Weight was signaled obsessively — women over-responded to gravity, men ricocheted in response to nothing much, neither could assume closed-foot positions. Thus when a duo (Madeline Wong, Nathanaël Marie) managed to fulfill an airborne balance, it took on climactic proportions. Likewise when men launched into clear buoyant jumps that ended with neatly tucked feet, one’s heart soared (this, plus the Santo Loquasto-style costumes, was pure Paul Taylor). But why didn’t the droopy women ever get a similarly clear, independent moment in “Amoveo”?
The woman (Sarawanee Tanatanit) in “Le Spectre de la Rose” (2011), set to Carl Maria Von Weber’s “Invitation to the Dance,” began folded over, asleep on her feet, while a fat moon glowed on Cox’s handsome bedroom set.

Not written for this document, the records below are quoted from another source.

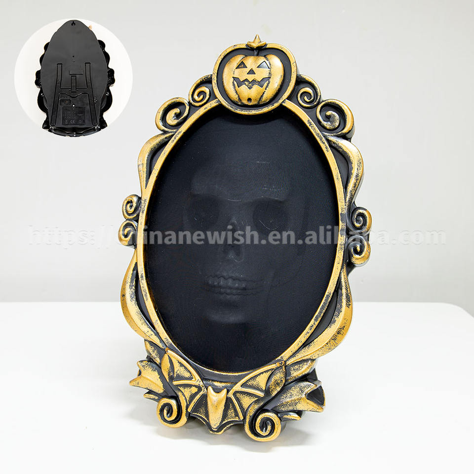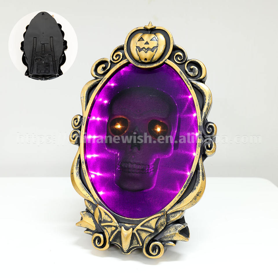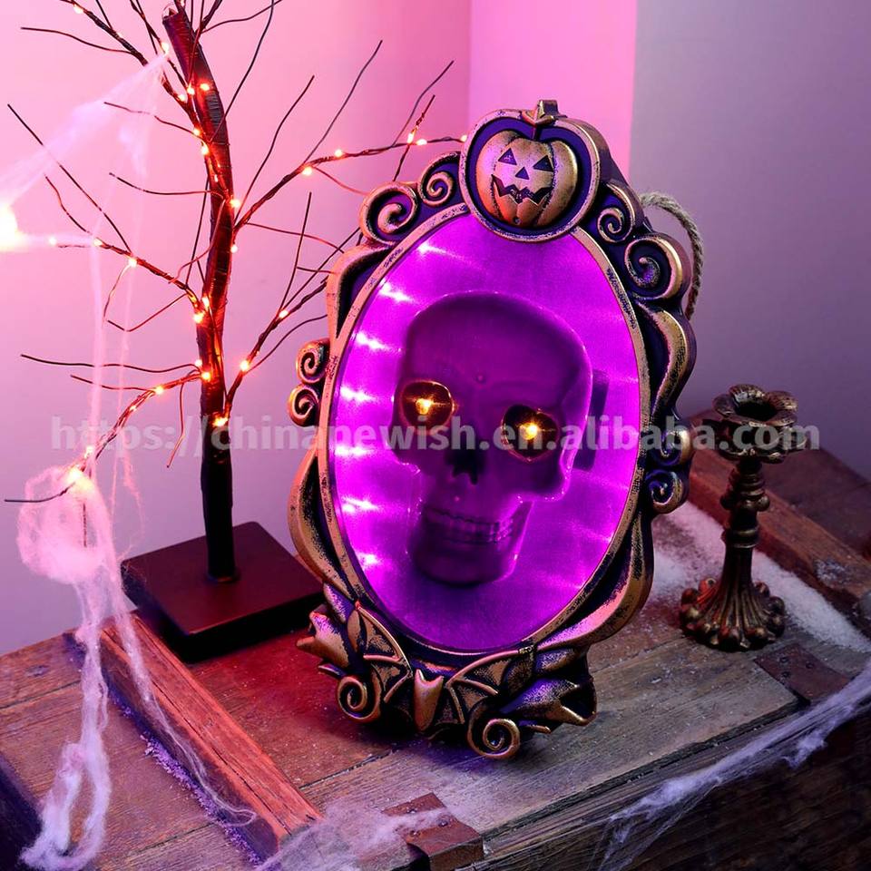 ของตกแต่งใหม่ ขนาด 24.5*8.5*38 ซม. ใช้แบตเตอรี่ 3AA หน้าผีพลาสติกดีดออกมาจากกระจก พร้อมเสียงน่ากลัว ไฟ LED 22 ดวง ใช้ได้ทั้งแบบแขวนและตั้งพื้น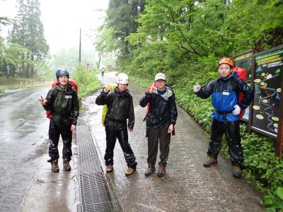 《下山後の姿。雨具を着用しているが、全身びしょびしょ。》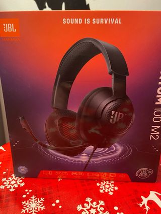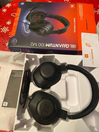 Auriculares JBL Quantum 100 M2 en color negro y multicolor. Diseñados para una experiencia de audio inmersiva. - Micrófono direccional desmontable. - Diseño ligero y cómodo. - Compatible con PC, Mac, Xbox, PlayStation y Nintendo Switch.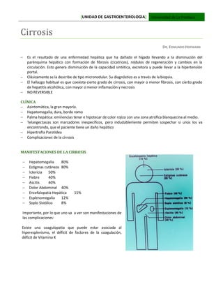Este documento resume las características de la cirrosis hepática, incluyendo sus causas principales como la hepatitis alcohólica y viral, manifestaciones clínicas como la hepatomegalia y ascitis, complicaciones como la hipertensión portal y la encefalopatía hepática, y su clasificación y tratamiento según la escala de Child-Pugh. La cirrosis es el resultado de una enfermedad hepática crónica que daña el parénquima y conduce a la formación de fibrosis y nódulos de regeneración.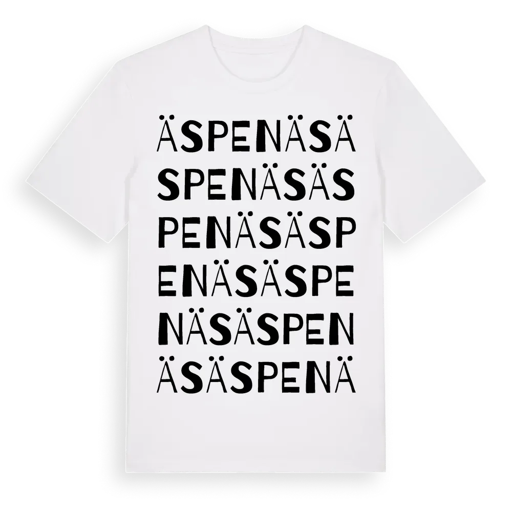Äspenäs ordlek t-shirt är inspirerad av byn Äspenäs i Kalmar län, Sverige. Tröjan är designad för dig som har en speciell koppling till platsen – oavsett om du bor här, har rötterna här eller bara älskar Äspenäs.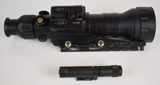 Dedal-NV gun or rifle night vision scope serial number 71062 with additional laser sight.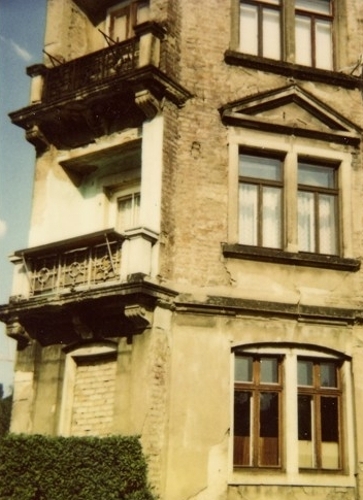 7. Aufbau der Geländer-Pfosten - 3-teilige Pfosten (Basis, Stütze, AbdeckPlatte) ebenfalls aus SB mit SandsteinImitat-VorsatzSchichten an allen SichtFlächen - zur Stabilisierung der GeländerPfosten sind die AbdeckPlatten mit dem angrenzenden Wandmauerwerk verbunden - die vorhandenen 2 Balkon-Geländer wurden von einer Schlosserei aufgearbeitet, fehlende Teile erneuert und oberflächen-behandelt - wichtig: dabei wurde die GeländerHöhe auf das nach SächsBO § 38 (3) geforderte Maß von >= 80cm gebracht Der GeländerAufsatz war so gestaltet, das BlumenKästen verankert werden könnten, um mit einer RankBepflanzung die offene BalkonEinsicht zu verhindern Damit sollte das Anbringen von HolzTafeln o.a. SichtSchutz-Elementen vermieden werden, |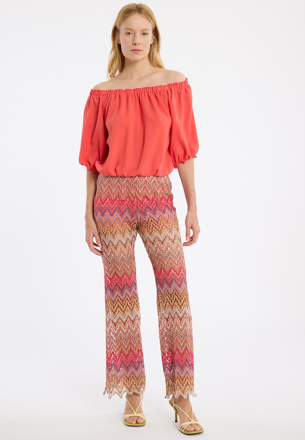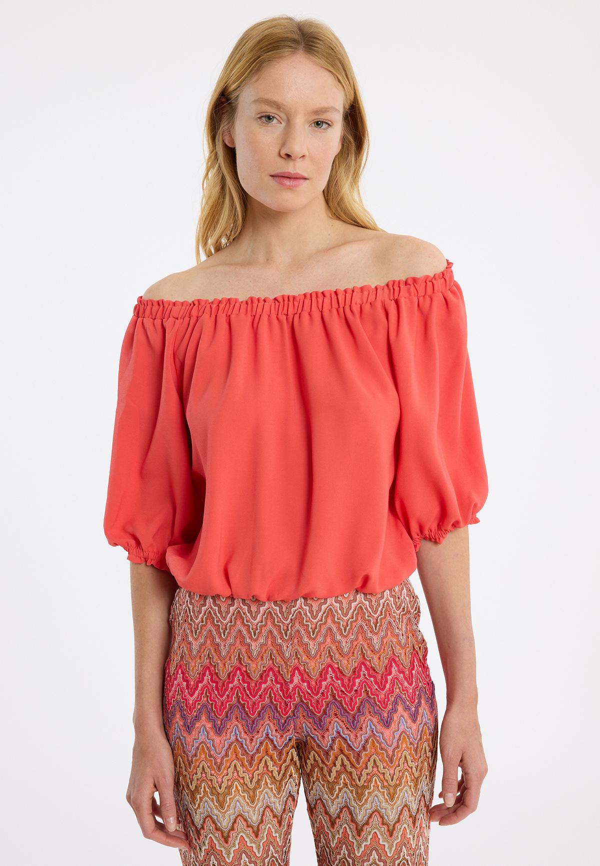 The Zapuna off-the-shoulder top in bright coral red is a real eye-catcher. With its wide ¾ puff sleeves and feminine off-the-shoulder design, it skilfully shows off your shoulders. The lightweight viscose fabric ensures a breezy and comfortable fit. Whether paired with the matching Zapasa cargo trousers for a trendy city look or with denim shorts for a relaxed day at the lake, the Carmen top is extremely versatile.

She didn’t rouse when three memorable masked men (Joseph Aitken, Pierre-Antoine Brunet, Vladimir Ippolitov) burst through the window and launched into bravura side-split leaps like a treasured “Land of Crime” divertissement.
The delightful ending set her free, but why was she man-handled while sleeping for two-thirds of the piece? There are many ways to convey a dreamer.
Men and woman both acted ignobly in Millepied’s all-too-human “Les Sylphides,” with another clean, peppy set and updated Romantic bell-shaped tutus (sadly leadening sans pointe shoes) by Cox. Again featuring women with low centers of gravity and emphatic torsos (Daniela Zaghini shone) and vertical men who broke through their inertia like jumping dolphins, the piece seemed hurriedly assembled and under-rehearsed.
If only the entire piece were as visionary, rhythmic and crafted as the quick-framed Prelude section, which began and ended with a woman’s (Yu Otagaki) outstretched reach toward a translucent lightbulb.